No it isn't really. The reason smallpox isn't vaccinated against any more is, as you said, because it is extinct in the wild. I seriously doubt that the ability to make smallpox vaccine has been lost since 1979, and there's no way the WHO would take a breach at either of their CL4 storage facilities lying down. Worrying about smallpox getting out is a waste of time, you're better off worrying about being killed by falling coconuts.

TB is a bad example as well. As it's simply not dangerous enough to create the kind of pandemic this thread is talking about. The majority of even MDR TB can be treated with a good rate of success. As a disease with a 4% fatality rate at its worst currently, TB doesn't really have the virulence clout to achieve the sort of global pandemic that we see in history.

http://www.sciencedirect.com/science/article/pii/S0140673610621733

If you want a disease with a actual chance (again, I don't think its likely) of replicating old pandemics, stick with flu.

This is the kind of shit that happens at the start of a horror movie. If I were there, I would have soiled myself and immediately poured napalm on the remains to be sure.

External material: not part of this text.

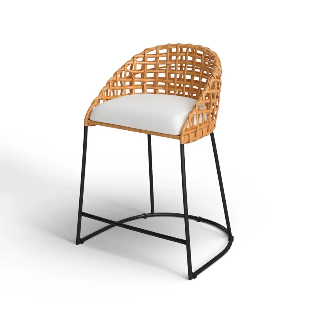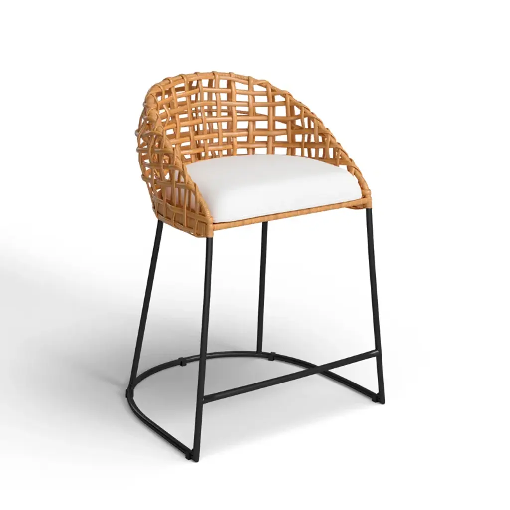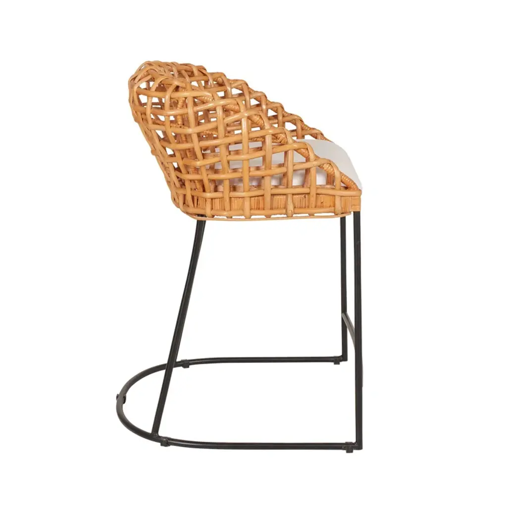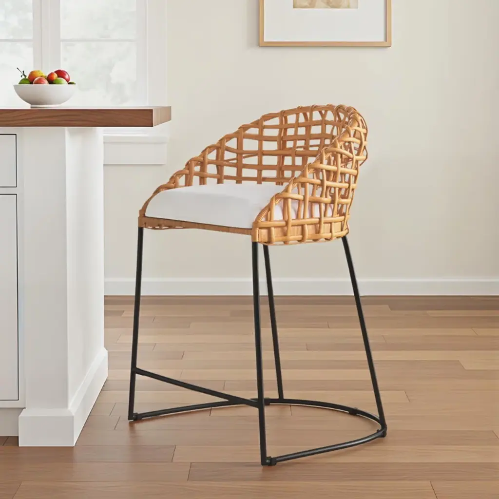 Handcrafted from sustainable rattan left in its natural honey color, this counter stool is sure to bring an warmth to your space. A breezy design, a comfortable upholstered cushion, and a sleek iron base make this stool the perfect balance between modern and coastal. Bring a natural appeal to your kitchen or dining area today with this artisan piece!

As for the question of whether we're prepared, yes and no. We have protocols in place, massive organisations that monitor such diseases, but nature is deadly and unpredictable. So much so, I really don't actually like thinking about it all that much. The thought that the relative comfort of our everyday lives could in theory, in less than a year, be shattered by something so small we can't even see it with the naked eye.

Toadfish1:
You guys do know the CDC exists solely for the purpose of making sure something like this doesn't happen, right?

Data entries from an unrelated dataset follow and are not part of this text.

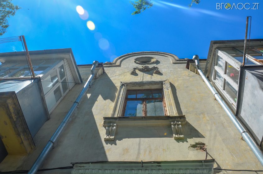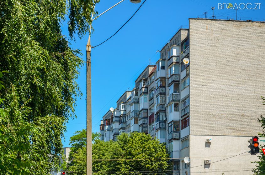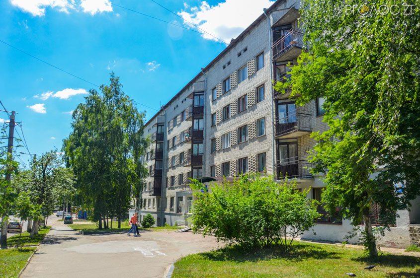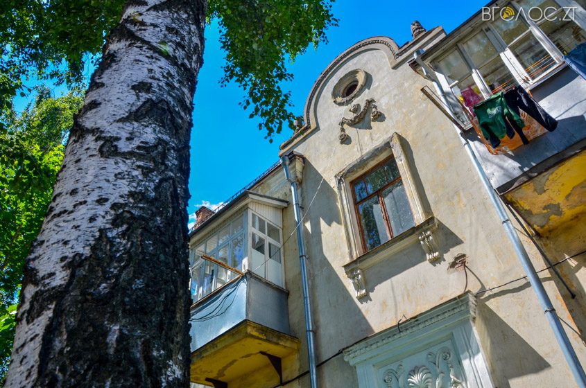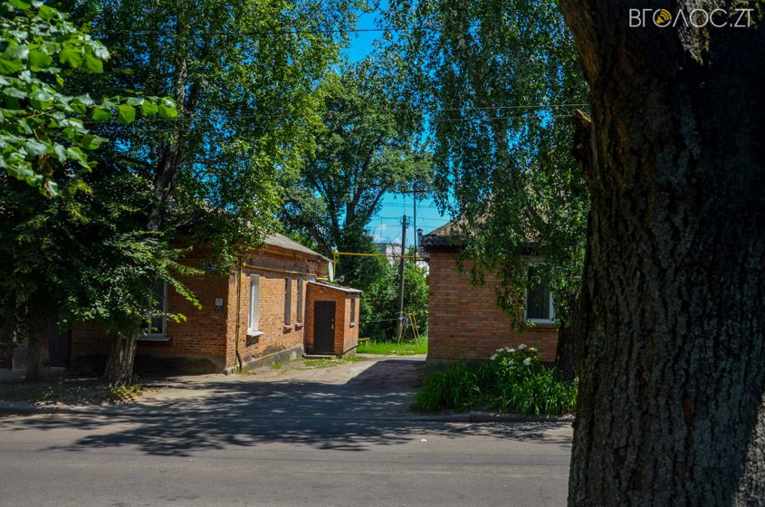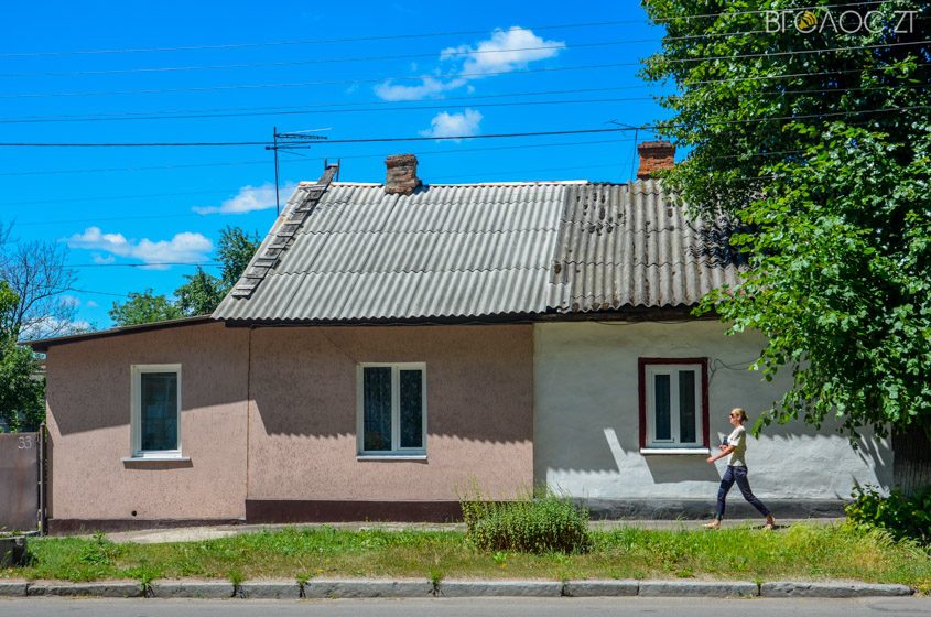 На Шевченка поруч із багатоповерхівками розташовуються невеликі будинки на один чи кілька поверхів із оздобленими фасадами та зеленими насадженнями навколо.
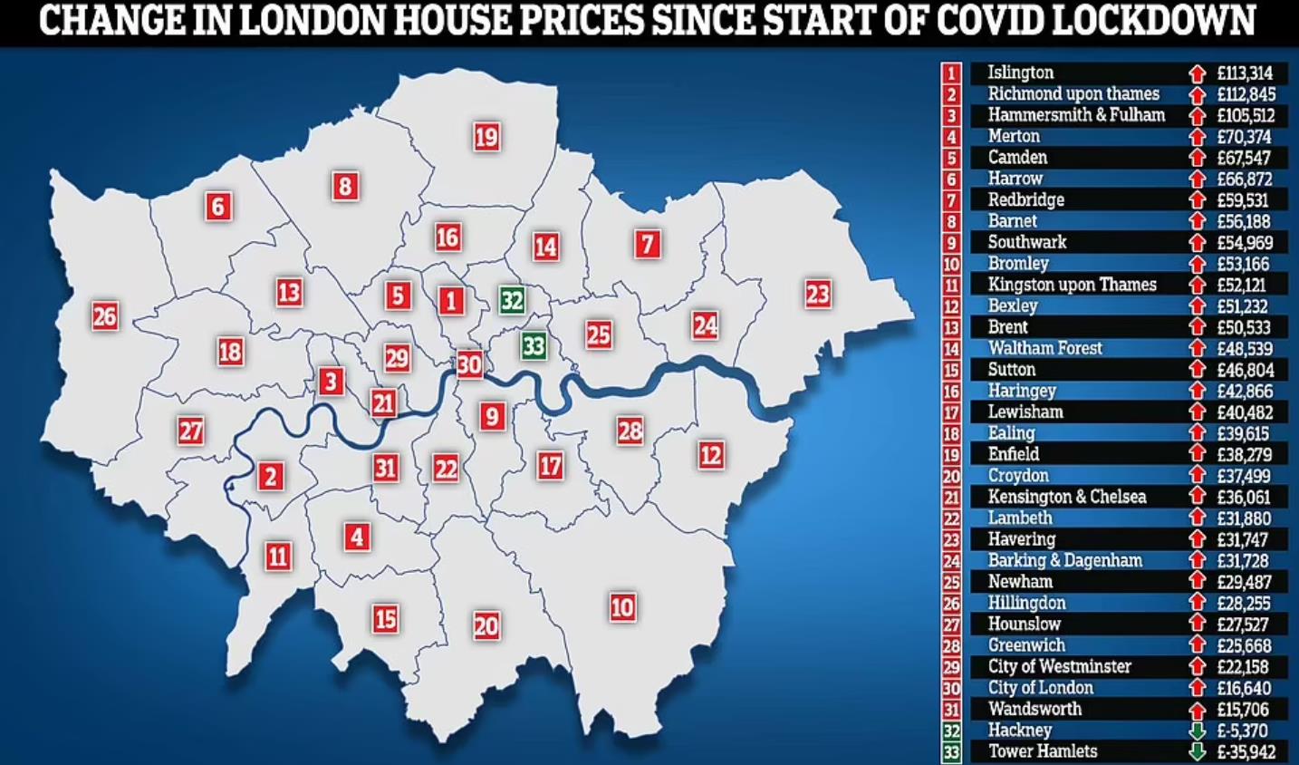 不仅如此,伦敦有13个行政区在疫情后的房价上涨超过了5万英镑,29个行政区的房价上涨超过2万英镑。
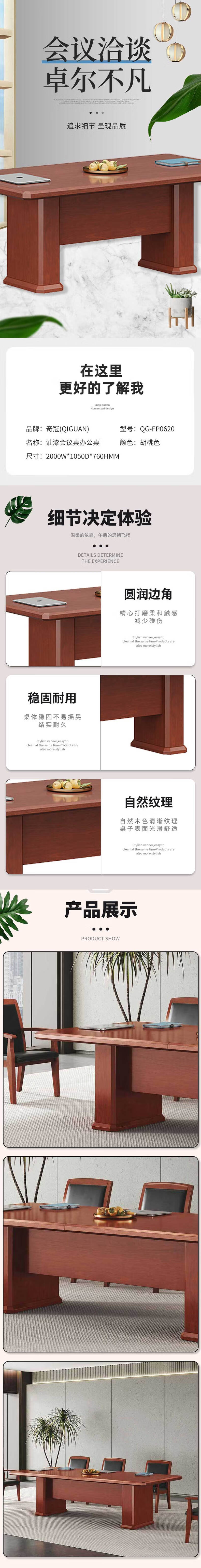 • 奇冠 QG-FP0620 油漆会议桌  2000W*1050D*760Hmm 胡桃色按(张)销售
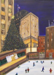 Now back to art. Rockefeller Plaza is an acrylic on canvas measuring 24″x18″. This painting began as a lesson for a private student who was interested in doing a “representational abstract” of this view. We had fun working on it. As you can see it was a Christmas view. It is SOLD!

Yep, and much like the big, badass marines in aliens, even all their preparation could be made a mockery of by just one particularly vicious bug. Not saying they don't have any point to exist, of course they have all the reason in the world to exist, they've probably stopped several serious threats in the time they've been operating, and god knows how much of a contribution such organisations make to science in general through their research, but fact is, they're still only human.

I'm still in the boat that people inappropriately/over use anti-biotics, especially with the use of anti-bacterial soap & hand gels. It's weakening our immune systems and allowing strong, resistant bacteria to get an edge. Also the fact the anti-biotics are killing the good bacteria that help your body.

Anti-biotics should only be used in hospitals and when people are seriously sick.

Otherwise, if you're a healthy person, regular old soap and water will help prevent the spread of the minor illnesses just fine. Building a strong immune system by eating right, exercising, & not over using antibacterial products will take care of the rest.

Ultimately, we've got the people who over use the antibacterial stuff combined with people at the other end of the extreme who find it too inconvenient to wash their hands ever. People who never wash their hands spread the diseases, the people with the weaken immune systems thanks to antibacterial over use strengthen the disease. The over used antibacterial people are easy targets and the stronger disease resulting from them easily passes between the people that never wash their hands, killing a large portion of them. Children and Elderly will be the easiest targets as usual.

So yeah, I think we are in store for a major pandemic that will bring our modern world to it's knees.